Author: Kyle Piira

  • Chicago should follow Seattle’s lead in re-connecting to it’s waterfront

    I spent the past weekend in Chicago, and really enjoyed it. I rode the L all over the city and made good use of the CTA buses, which honestly impressed me in their coverage. The trains mostly radiate outward from the Loop, so they’re not always ideal for cross-town travel, but the buses fill in those gaps really well.

    I did the classic tourist things: the architecture boat tour, some deep-dish pizza, and some museums. It was a fantastic trip. But one thing stuck with me long after I left the city: Lake Shore Drive.

    Chicago’s lakefront is stunning. There’s a long stretch of beaches and parkland along Lake Michigan that could be one of the greatest public amenities in the city. But instead of connecting the city to its shoreline, Chicago built an eight-lane highway through it.

    Lake Shore Drive

    Trying to walk from the downtown to the beach was surprisingly unpleasant. You head toward the lake expecting open access, only to hit a roaring wall of traffic. Lake Shore Drive is a barrier that you can hear and smell long before you reach the water.

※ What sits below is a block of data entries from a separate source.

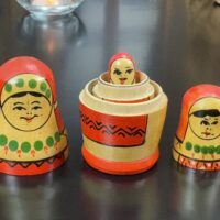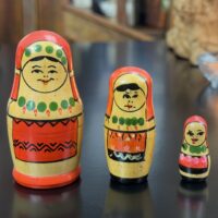 Descubra a beleza e a tradição da cultura russa com estas Antigas Matrioskas, peças autênticas que preservam o legado artesanal do país. As matrioskas, também conhecidas como bonecas russas, são mundialmente reconhecidas como símbolos de união familiar, fertilidade e continuidade. Este conjunto é composto por duas bonecas pintadas à mão, carregando o charme rústico de um trabalho artesanal genuíno.
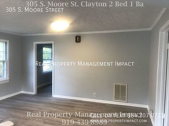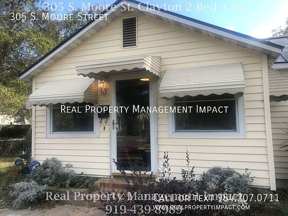 This charming home has been fully renovated with luxury wood laminate floors, fresh paint, modern matte black light fixtures, updated bathroom & kitchen with modern farmhouse fixtures. Spacious family/living room is full of natural light. Large bedroom features original ornate molding around closet and large built storage space. Second bedroom/flex space can be used as a home office. Eat in, retro black & white kitchen has ample counter space and cabinets. Separate laundry room has entry to a large private backyard - perfect for grilling or gardening. Make this bungalow your home! Conveniently located to local favorites: Deep River Brewing Co (.2 miles), Main Street Shops & Restaurants (1 mile), Clayton River Walk (3.1 miles), InStill Distilling Co (.2 miles), Pine Hollow Golf Course (3 miles), Bailey & Sarah Williamson Nature Preserve (6.5 miles), and Raleigh (16.3 miles) Application Criteria Credit Score Min 600 (soft pull) Income (monthly) 3X Monthly Rent Everyone over 18 must apply ($55 application fee applies to all applicants) No Evictions Criminal Background Screened If pets are allowed separate pet screening is required. All information provided on the application is screened and verified. Approval timeline varies based on the verification process. Average = 48 hours. AVOID RENTAL SCAMS: Real Property Management Impact is a licensed Real Estate Agency that exclusively markets and represents this listing. We do not advertise on Craigslist or Personal FB Pages. We would never ask you to wire money, request funds through a payment app for initial rent, deposits, or take the key after your showing to move-in.
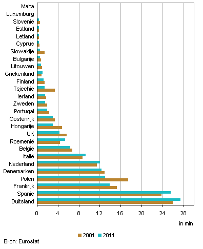In de periode 2001-2011 is het aantal varkens in de meeste EU-landen afgenomen. Er waren zes landen waar het aantal varkens toenam. In Duitsland en Spanje is de varkensstapel fors gestegen, maar ook in Nederland steeg het aantal varkens.
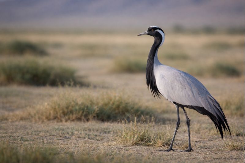 乾いた草原に、背の高い影が立つ。湿地に集まるツルとは違い、ここには水の気配が少ない。風に揺れる草のあいだを、ゆっくりと歩くその姿は、ツルという鳥が必ずしも水辺だけの存在ではないことを静かに示している。

    There are pedestrian bridges and underpasses, but neither makes the experience of getting to the beach very pleasant. The underpasses are dim and uninviting. The overpasses require climbing stairs while being surrounded by noise and exhaust. Some sections allow you to cross at street level, but those crossings feel unsafe and out of place. No one enjoys darting across eight lanes of traffic.

    This is public land that should bring people to the water, yet it’s dominated by cars. It’s a waste of beautiful real estate and a missed opportunity to create something extraordinary.

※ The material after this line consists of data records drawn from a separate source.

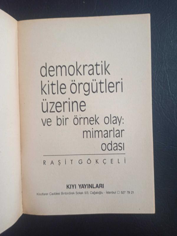 Demokratik Kitle Örgütleri Üzerine ve Bir Örnek Olay: Mimarlar Odası - Raşit Gökçeli - Kıyı Yayınları - 1987 Yılı - Türkçe Kitap Yıpranma, sararmalar ve yırtılmalar zamana bağlı olarak görülebilir.
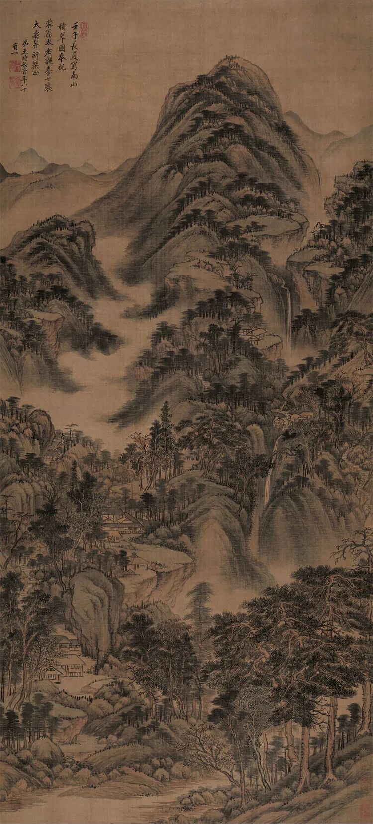 王时敏~南山积翠图,绢本,设色,147.1*66.4cm,辽宁省博物馆藏。绘南山松柏常青苍翠,寓意“长寿”,远处山脉连绵,云雾穿插山间;山中松柏苍翠,林中楼阁隐约显现,一泓瀑布如白练倾泻;山脚水流潺潺,积翠葱芊。所绘山石结构颇似黄公望,树木、山峦又近于王蒙。
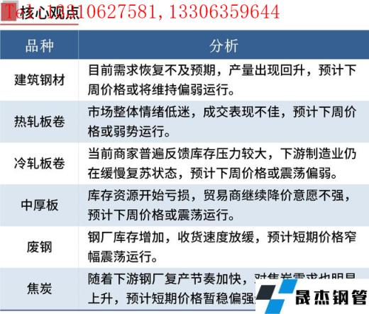 一方面,本周无缝厚壁钢管厂家及下游终端仍处于复工复产进程,但工地复工率低于去年同期,无缝厚壁钢管厂家及社会库存均出现攀升,供需压力偏大,钢价承压下跌。另一方面,随着无缝厚壁钢管厂家持续复产,对原燃料需求增加,铁矿石港库及独立焦企库存均出现下降,后期原燃料价格有支撑。此外,电弧炉无缝厚壁钢管厂家处于盈亏边缘,钢价下跌空间或有限。综合来看,短期钢价或震荡偏弱运行。
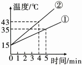 (1)解:由图可知①为水的升温图线5min 内水升温$\Delta t=35^{\circ }C-15^{\circ }C=20^{\circ }C$,水吸热:$Q=cm\Delta t=4.2×10^{3}J/(kg\cdot ^{\circ }C)×0.2kg×20^{\circ }C=1.68×10^{4}J$
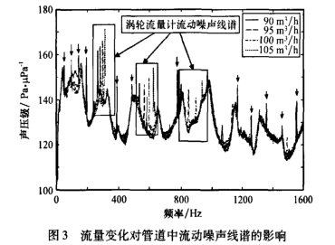 圖3是不同流量情況下,測量位置測得水聲信號的頻譜,圖3中向下箭頭所對應的線謂頻率在管道流量改變過程中沒有發生改變,只是線譜峰值發生了微小改變,由于離心泵的葉輪轉速在流量改變過程中保持不變,這些線譜應該對應著離心泵的流動噪聲。圖3中方框內線譜則隨流量改變發生了明顯變化,這是因為流量改變導致渦輪流量計的渦輪轉速發生了變化。圖3中3個方框內的線譜分別對應渦輪流量計所產生流動噪聲的基頻及其倍頻,以300Hz.600Hz及900Hz左右為頻率中心。
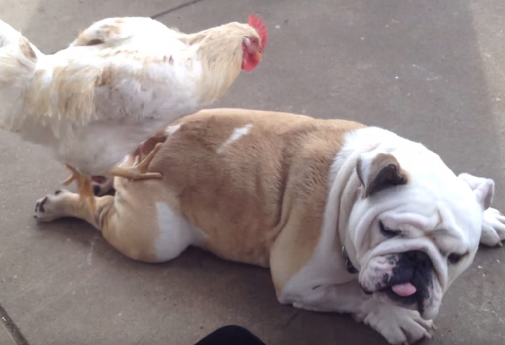 フミフミフミ。ワンコの背中に乗っかって マッサージをするニワトリさん。 重さとかがちょうどいいのかな? 気持ち良さそうな表情でとろーん。 とっても可愛い組み合わせなのでした。
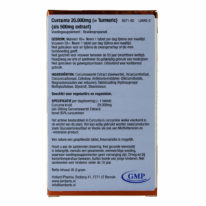 | Curcuma kruid (als 500 mg curcumawortel extract) Bevat 95% curcumines | 20.000 mg

    Seattle’s redeveloped land where the Alaska way highway used to run

    It reminded me of Seattle, which used to have a similar problem. The Alaskan Way Viaduct once separated downtown from the waterfront, but the city finally removed it and replaced it with a surface boulevard. Now the area has bike lanes, wide sidewalks, a pedestrian plaza, playgrounds, and even a park that connects Pike Place Market to the waterfront. It’s inviting, vibrant, and alive. It shows what Chicago’s lakefront could be.

    I know it’s radical to suggest removing a major highway, but imagine what could be done if Lake Shore Drive were rethought entirely. What if it were buried underground, capped with a park, or replaced with a smaller road, perhaps just a transit corridor with bus lanes and bike paths? The buses that use it now could still run, but the space above could belong to people again.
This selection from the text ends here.